Sibille et al. recently developed AI-based software for PET/CT images [9]. They included a mixture of lung cancer and lymphoma patients at different phases (29% during staging, 25% during treatment, and 46% after treatment), showing good performance in finding lesions. However, due to the few included newly diagnosed lymphoma patients in the test group, it is still unclear how their software performs in the detection of focal skeleton/BMU in this specific patient category.

Our aim was to develop an AI-based method for the detection of focal skeleton/BMU and quantification of diffuse BMU in patients with HL undergoing staging with FDG-PET/CT. The output of the AI-based method in a separate test set was compared to the image interpretation of ten physicians from different hospitals. Finally, the AI-based quantification of diffuse BMU was compared to manual quantification.

Patients

Training cohort

All 156 patients who had undergone a staging PET/CT between 2011 and 2016 at Sahlgrenska University Hospital with biopsy-proven HL were retrospectively included. All were newly diagnosed and un-treated patients. Two patients were excluded due to incomplete image sets, and one patient was excluded due to failed skeletal segmentation. The final group consisted of 153 patients (Table 1). These examinations were used in the development of the AI-based method.

Test cohort

All 49 patients who had undergone staging with FDG-PET/CT between 2017 and 2018 at Sahlgrenska University Hospital with biopsy-proven HL were retrospectively included. All were newly diagnosed and un-treated patients. One patient was excluded due to a falsely reported injection time, and 48 patients were evaluated as the test cohort (Table 1). These examinations were used for the testing of the AI-based method and for inter-observer classifications.

Image acquisition

PET/CT data were obtained using an integrated PET/CT system (Siemens Biograph 64 Truepoint). The adult patients were injected with 4 MBq/kg 18F-FDG (maximum 400 MBq) and fasted for at least 6 hours before the injection of FDG. The injected amount of radioactivity for children was according to the EANM Dosage Card (Version 5.7.2016). The standard accumulation time was 60 minutes. Images were acquired with 3 minutes per bed position from the base of the skull to the mid-thigh. PET images were reconstructed with a slice thickness of 5 mm and slice spacing of 3 mm with an iterative OSEM 3D algorithm (4 iterations and 8 subsets) and matrix size of 168x168. CT-based attenuation and scatter corrections were applied. A low-dose CT scan (64-slice helical, 120 kV, 30 mAs, 512x512 matrix) was obtained covering the same part of the patient as the PET scan. The CT was reconstructed using a filtered back-projection algorithm with a slice thickness and spacing matching those of the PET scan [10].

Artificial intelligence-based classification

A convolutional neural network (CNN) was used by Lindgren et al. to segment the skeletal anatomy [11]. Based on this CNN, the bone marrow was defined by excluding the edges from each individual bone; more precisely, 7 mm was excluded from the humeri and femora, 5 mm was excluded from the vertebrae and hip bones, and 3 mm was excluded from the remaining bones.

Focal skeleton/bone marrow uptake

It was noticed from the images in the training group, that certain bones were much more likely to show diffuse BMU. To address this issue without decreasing the sensitivity in other bones, the set of segmented bones was divided into two groups that were analysed separately:

“spine” – defined as the vertebrae, sacrum, and coccyx as well as regions in the hip bones within 50 mm from these locations, i.e., including the sacroiliac joints.
“other bones” - defined as the humeri, scapulae, clavicles, ribs, sternum, femora, and the remaining parts of the hip bones.
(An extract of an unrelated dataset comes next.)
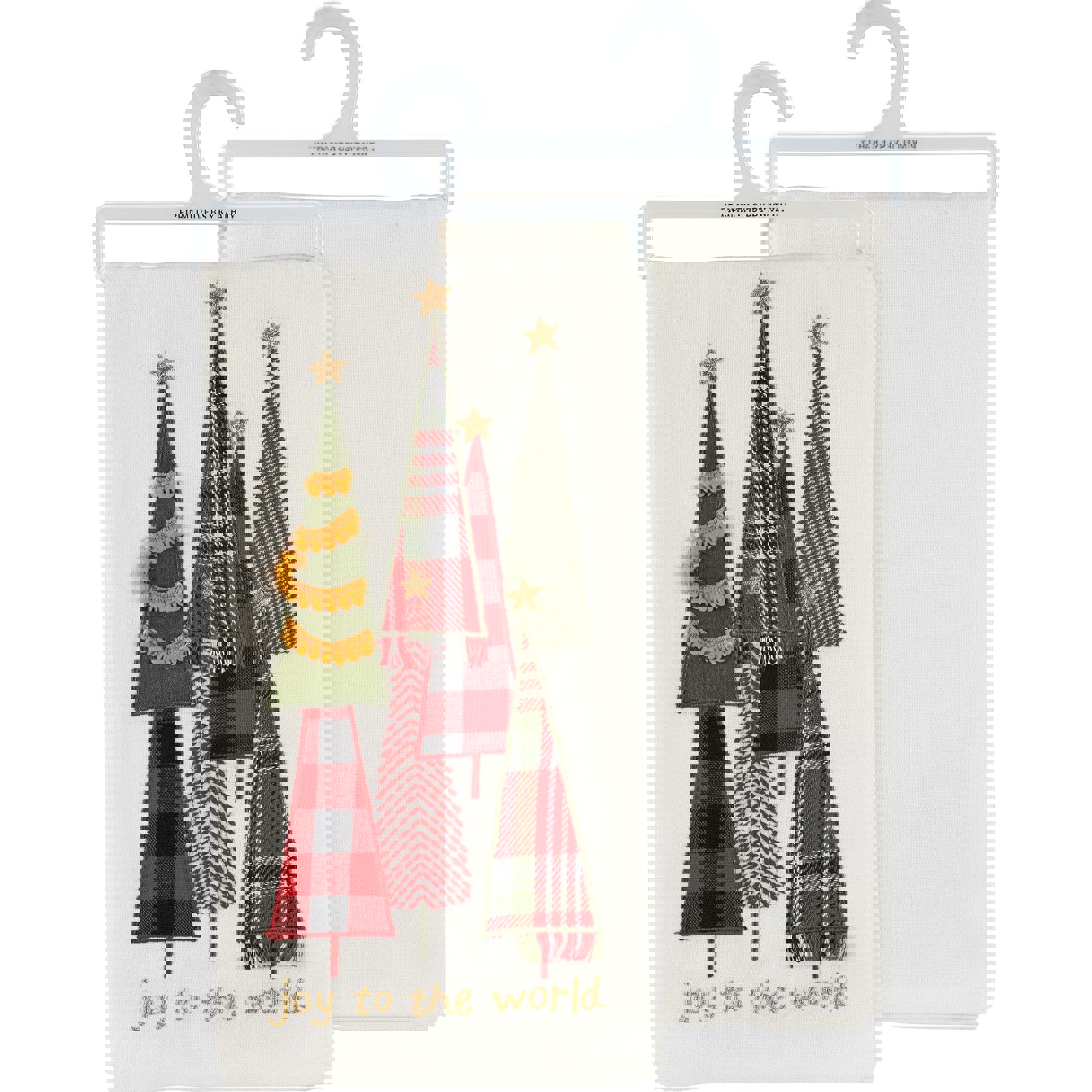 A cream cotton kitchen towel from our Christmas Collection displaying various Christmas tree designs featuring plaid, pom, and embroidered accents with embroidered "Joy To The World" sentiment. Our Joy To The World kitchen towel is machine-washable for convenient cleaning. Packaged on a clear plastic hanger to easily display on rack. A unique and functional seasonal ki

For each group, the focal standardized uptake values (SUVs) were quantified using the following steps:

Threshold computation. A threshold (THR) was computed using the mean and standard deviation (SD) of the SUV inside the bone marrow. The threshold was set to

THR = SUV_mean+ 2 SD.

Abnormal bone region. The abnormal bone region was defined in the following way:

First, only the pixels segmented as bone and where SUV > THR were considered. Next, a watershed transform was used to assign each of these pixels to a local maximum in the PET image. If this maximum was outside the bone mask, the uptake was assumed to be leaking into the bone from other tissues and was removed. Finally, uptake regions smaller than 0.1 mL were removed.
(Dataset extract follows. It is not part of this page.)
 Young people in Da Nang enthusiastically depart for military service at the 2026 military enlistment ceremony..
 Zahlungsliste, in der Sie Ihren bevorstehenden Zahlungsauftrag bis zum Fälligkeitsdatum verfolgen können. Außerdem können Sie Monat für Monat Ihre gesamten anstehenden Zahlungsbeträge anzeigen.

Abnormal bone SUV quantification. The mean squared abnormal uptake (MSAU) was first calculated as

MSAU = mean of (SUV - THR)² over the abnormal bone region.
Then, the total amount of abnormal uptake was quantified using the total squared abnormal uptake (TSAU)

TSAU = MSAU × (volume of the abnormal bone region).

This calculation leads to two TSAU values; one for the “spine” and one for the “other bones”. As the TSAU value can be nonzero even for patients without focal uptake, cut-off values were tuned using the training cohort. The AI method was adjusted in the training group to have a positive predictive value of 65% and a negative predictive value of 98%. For the “spine”, a cut-off of 0.5 was used, and for the “other bones”, a cut-off of 3.0 was used. If one of the TSAU values was higher than the corresponding cut-off, the patient was considered to have focal uptake.

Diffuse bone marrow uptake

The SUV_median in the vertebral bone marrow was automatically computed and compared to the median uptake in the liver. The latter was also segmented using a CNN according to [10]. If the ratio between the median “spine” BMU and liver uptake was greater than 1.0, the patient was considered to have diffuse BMU [1].

Quality control was performed in the test patients regarding the automated AI calculations of diffuse BMU. An experienced technologist manually placed the region of interest (ROI) in the marrow area of lumbar vertebrae L3/L4 and at the upper homogenous right part of the liver (excluding the edges). These regions were chosen according to the study by Pedersen et al. [1].

Image interpretations

Training

The original interpretation of the PET/CT examinations was performed by a nuclear medicine physician and a radiologist, who wrote the final report sent to the referring department. A trained technologist extracted information regarding skeleton and/or bone marrow involvement from these PET/CT reports and from the digital medical records. All the cases with focal or suspicious focal uptake in skeletal and/or bone marrow were reviewed again by a nuclear medicine specialist.

Test

Ten nuclear medicine physicians with 2-12 years of experience in PET/CT working in three different hospitals (two in Sweden (Malmö/Lund and Gothenburg) and one in India (Chandigarh)) were invited to participate. They separately classified the 48 FDG-PET/CT images regarding diffuse uptake in bone marrow and focal uptake in skeletal/bone marrow in the following four categories [1].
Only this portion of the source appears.